• Problem details: Reproduce only this range: the line holding "In Terra, navigate" through the last line of the data below, both included, exactly, with no pictures.

• Data provided:
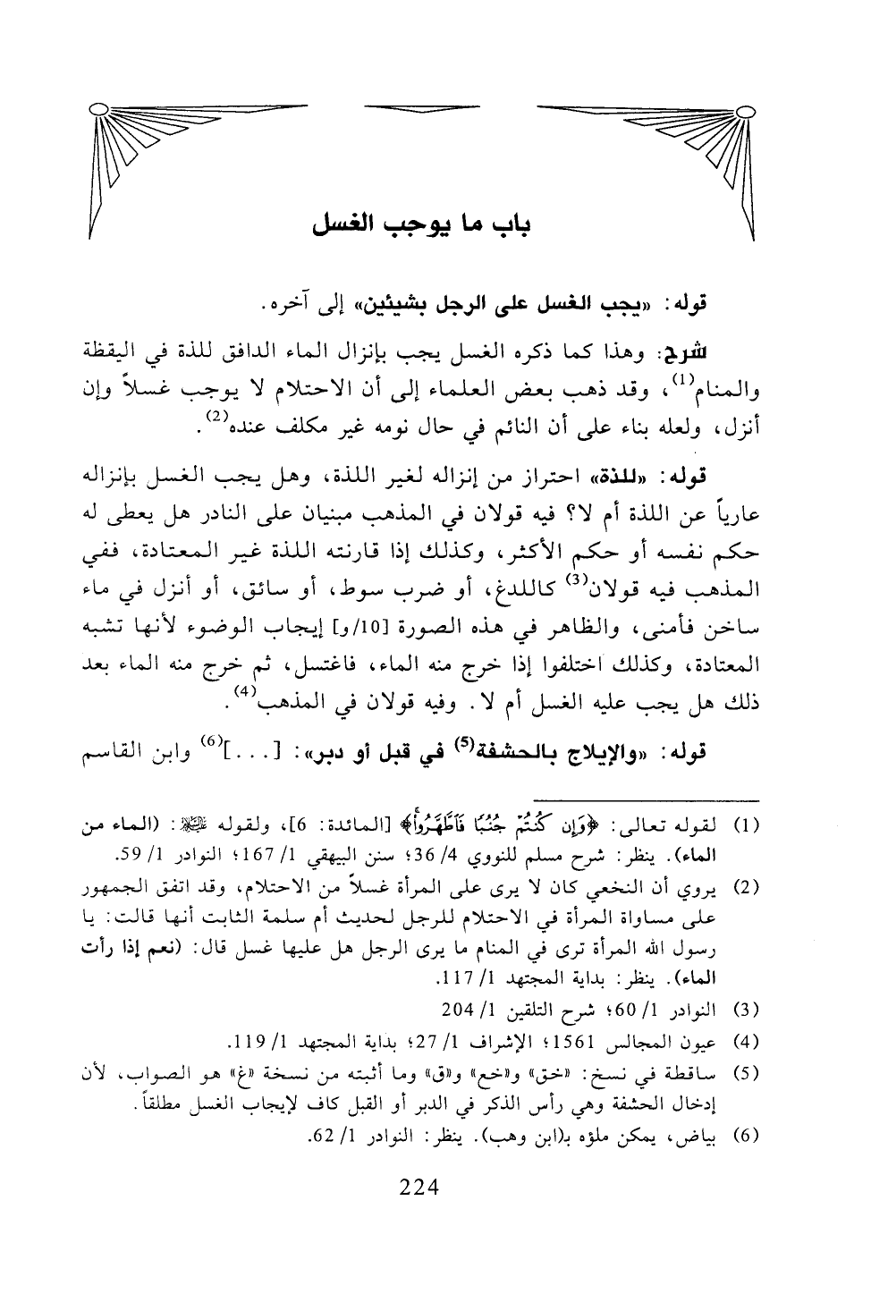قوله: "للذة" احتراز من إنزاله لغير اللذة، وهل يجب الغسل بإنزاله عاريًا عن اللذة أم لا؟ فيه قولان في المذهب مبنيان على النادر هل يعطى له حكم نفسه أو حكم الأكثر، وكذلك إذا قارنته اللذة غير المعتادة، ففي المذهب فيه قولان كاللدغ، أو ضرب سوط، أو سائق، أو أنزل في ماء ساخن فأمنى، والظاهر في هذه الصورة إيجاب الوضوء لأنها تشبه المعتادة، وكذلك اختلفوا إذا خرج منه الماء، فاغتسل، ثم خرج منه الماء بعد ذلك هل يجب عليه الغسل أم لا. وفيه قولان في المذهب.
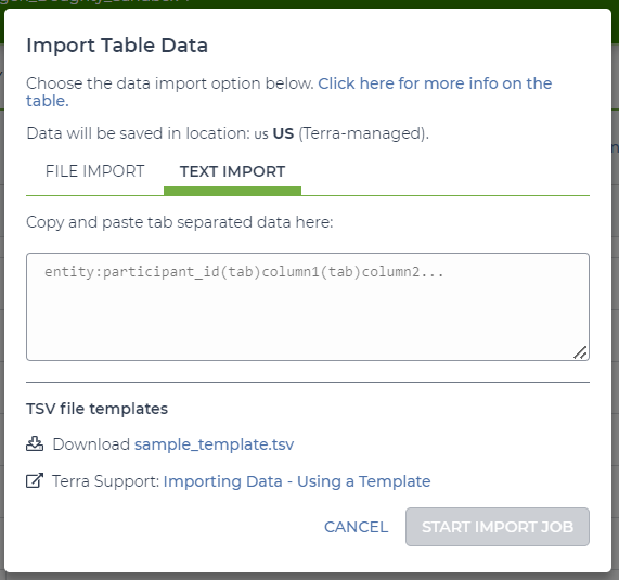 In Terra, navigate to the "DATA" tab, click "IMPORT DATA" then "Upload TSV"
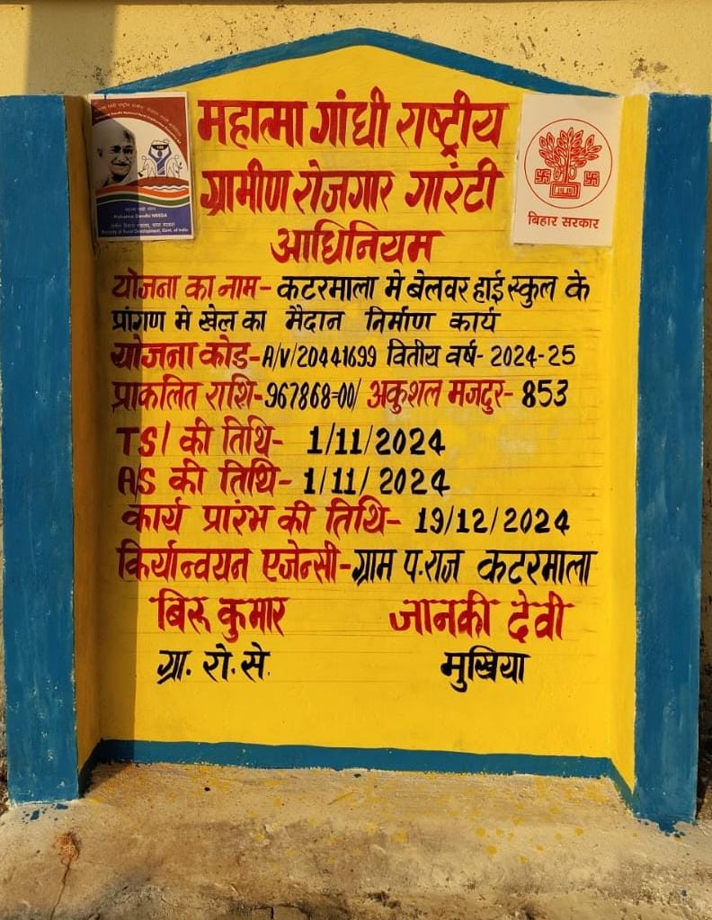 बेलवर हाईस्कूल के प्रांगण में मनरेगा द्वारा किए जा रहे खेल मैदान के निर्माण में काफी लूट खसोट किया जा रहा है,
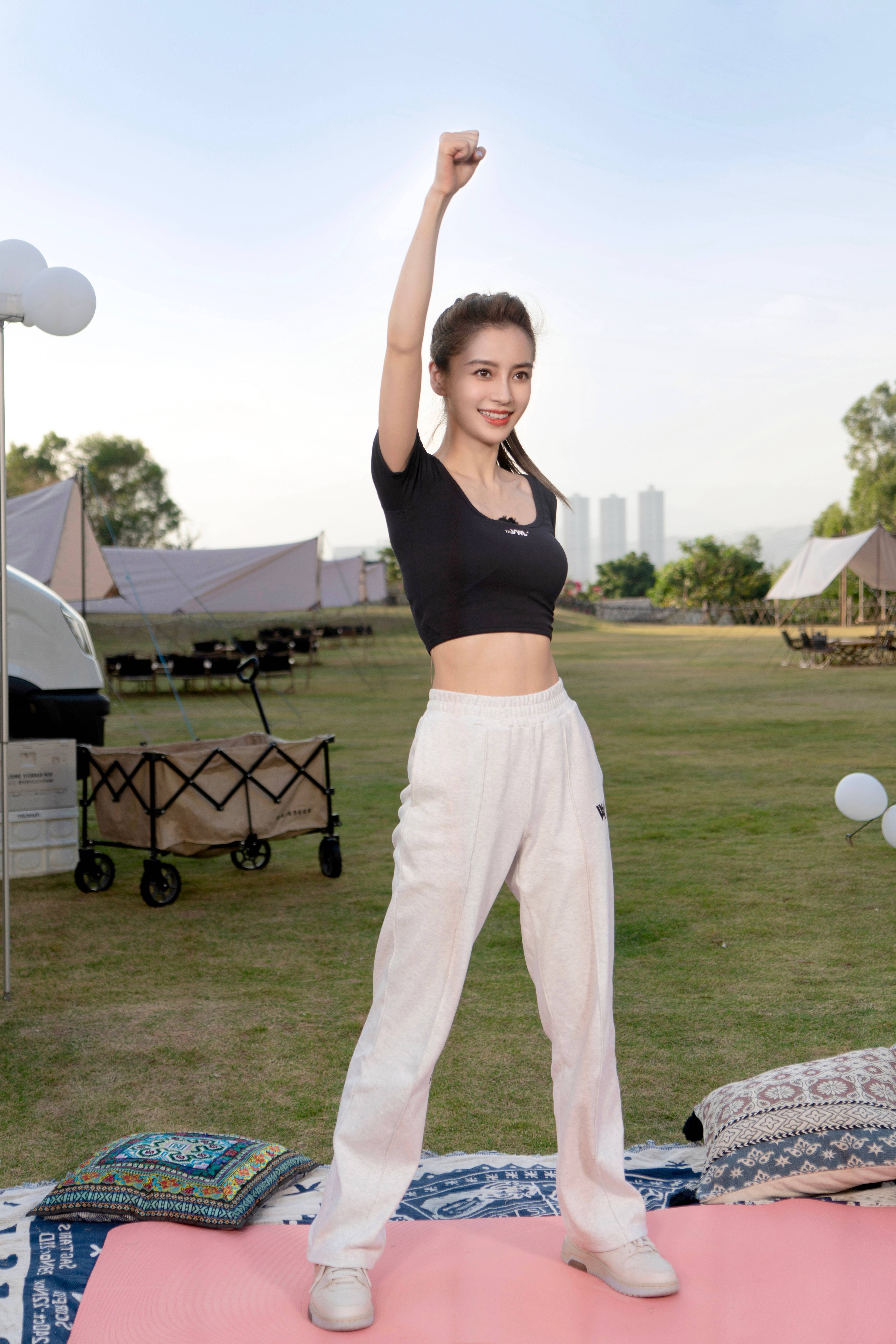 杨颖穿黑白休闲运动装大秀肌肉和小蛮腰,清纯甜美,楚楚动人!

• Written solution:
 In Terra, navigate to the "DATA" tab, click "IMPORT DATA" then "Upload TSV"
 बेलवर हाईस्कूल के प्रांगण में मनरेगा द्वारा किए जा रहे खेल मैदान के निर्माण में काफी लूट खसोट किया जा रहा है,
 杨颖穿黑白休闲运动装大秀肌肉和小蛮腰,清纯甜美,楚楚动人!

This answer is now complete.